▶ Record extracts
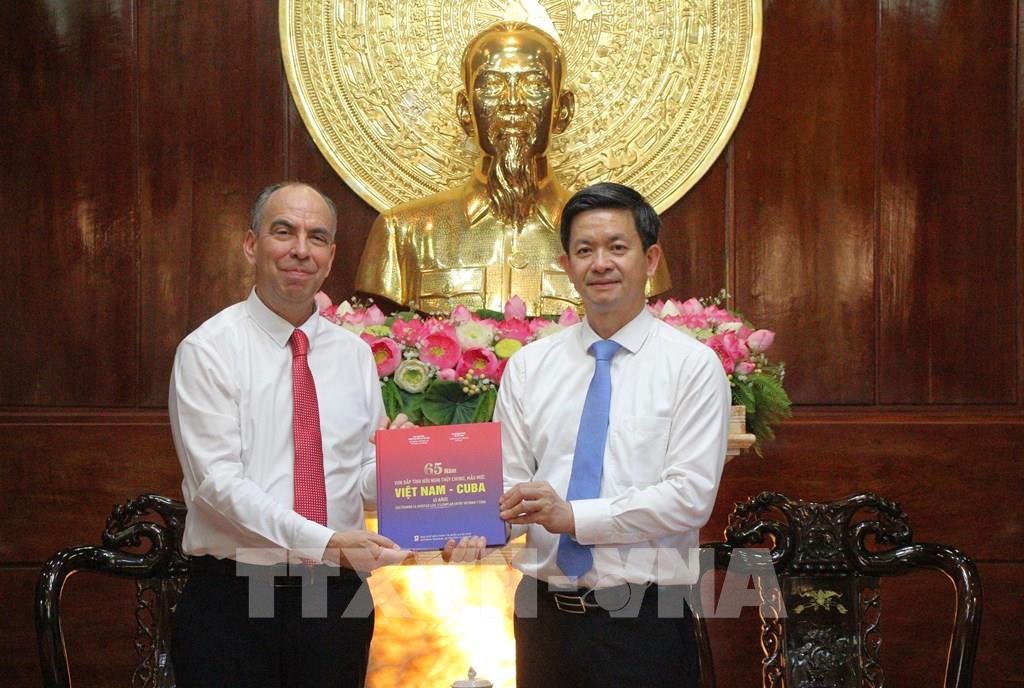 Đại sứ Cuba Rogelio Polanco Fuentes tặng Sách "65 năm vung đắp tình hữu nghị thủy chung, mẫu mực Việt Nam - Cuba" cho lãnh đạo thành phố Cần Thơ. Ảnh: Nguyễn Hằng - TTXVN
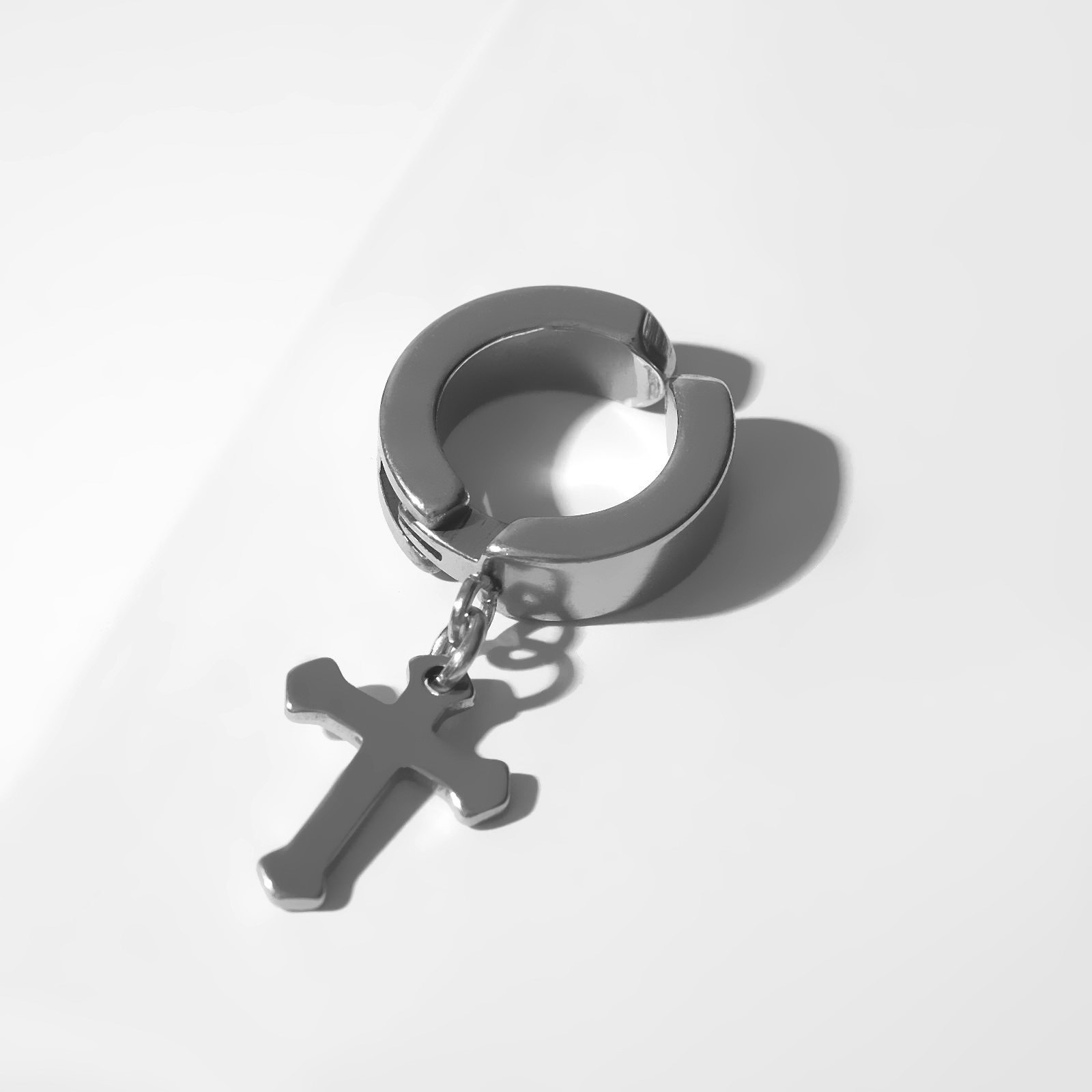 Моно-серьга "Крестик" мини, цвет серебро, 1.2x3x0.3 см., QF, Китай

...

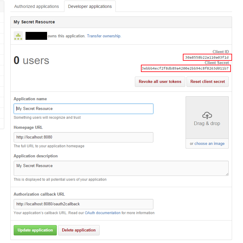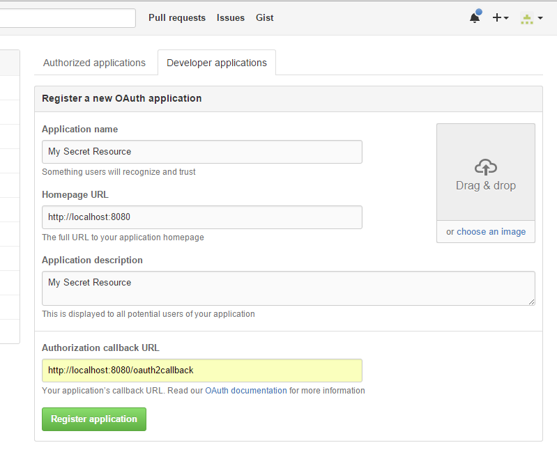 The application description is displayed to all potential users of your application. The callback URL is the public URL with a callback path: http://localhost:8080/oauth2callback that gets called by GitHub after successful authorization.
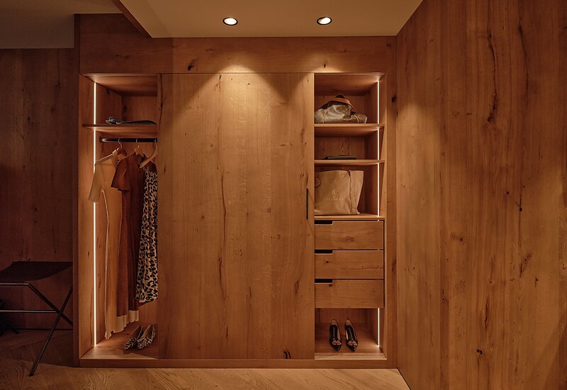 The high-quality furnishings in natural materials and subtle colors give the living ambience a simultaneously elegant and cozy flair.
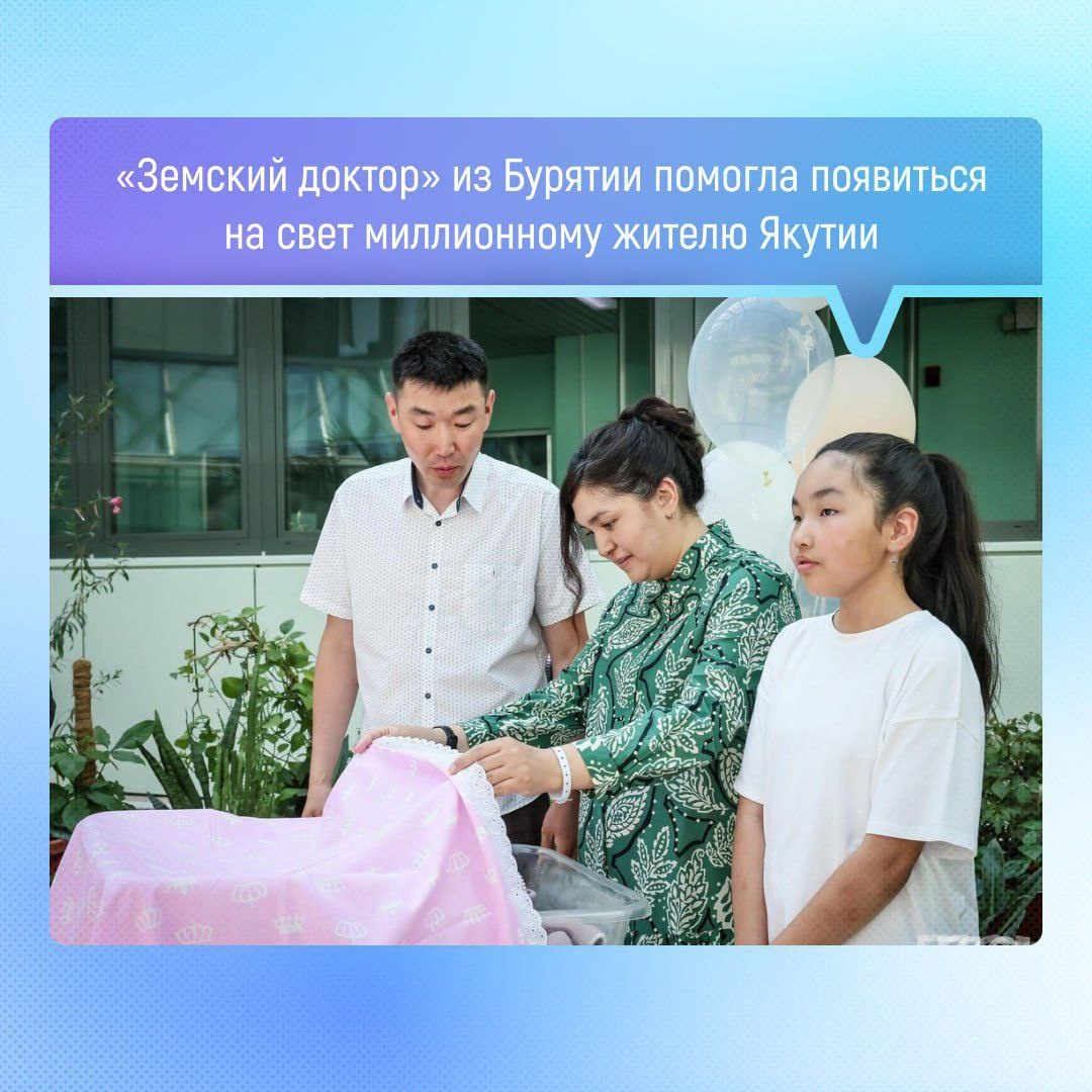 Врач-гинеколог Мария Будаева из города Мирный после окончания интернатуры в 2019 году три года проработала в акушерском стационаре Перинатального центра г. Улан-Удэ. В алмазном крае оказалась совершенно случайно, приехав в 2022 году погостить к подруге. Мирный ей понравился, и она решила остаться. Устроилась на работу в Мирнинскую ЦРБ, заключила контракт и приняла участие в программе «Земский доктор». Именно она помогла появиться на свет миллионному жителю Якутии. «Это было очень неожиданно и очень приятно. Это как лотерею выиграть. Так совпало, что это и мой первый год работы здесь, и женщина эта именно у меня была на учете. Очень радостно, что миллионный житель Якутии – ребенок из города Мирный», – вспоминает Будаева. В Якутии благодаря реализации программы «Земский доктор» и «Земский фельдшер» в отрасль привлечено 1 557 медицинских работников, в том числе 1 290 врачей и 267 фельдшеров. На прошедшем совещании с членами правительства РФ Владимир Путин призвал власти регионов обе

▶ Work request
Beginning with the line holding "The application description" in the material above, restate word for word each line through the line holding "Врач-гинеколог Мария Будаева", and exclude pictures.

▶ Reply
 The application description is displayed to all potential users of your application. The callback URL is the public URL with a callback path: http://localhost:8080/oauth2callback that gets called by GitHub after successful authorization.
 The high-quality furnishings in natural materials and subtle colors give the living ambience a simultaneously elegant and cozy flair.
 Врач-гинеколог Мария Будаева из города Мирный после окончания интернатуры в 2019 году три года проработала в акушерском стационаре Перинатального центра г. Улан-Удэ. В алмазном крае оказалась совершенно случайно, приехав в 2022 году погостить к подруге. Мирный ей понравился, и она решила остаться. Устроилась на работу в Мирнинскую ЦРБ, заключила контракт и приняла участие в программе «Земский доктор». Именно она помогла появиться на свет миллионному жителю Якутии. «Это было очень неожиданно и очень приятно. Это как лотерею выиграть. Так совпало, что это и мой первый год работы здесь, и женщина эта именно у меня была на учете. Очень радостно, что миллионный житель Якутии – ребенок из города Мирный», – вспоминает Будаева. В Якутии благодаря реализации программы «Земский доктор» и «Земский фельдшер» в отрасль привлечено 1 557 медицинских работников, в том числе 1 290 врачей и 267 фельдшеров. На прошедшем совещании с членами правительства РФ Владимир Путин призвал власти регионов обе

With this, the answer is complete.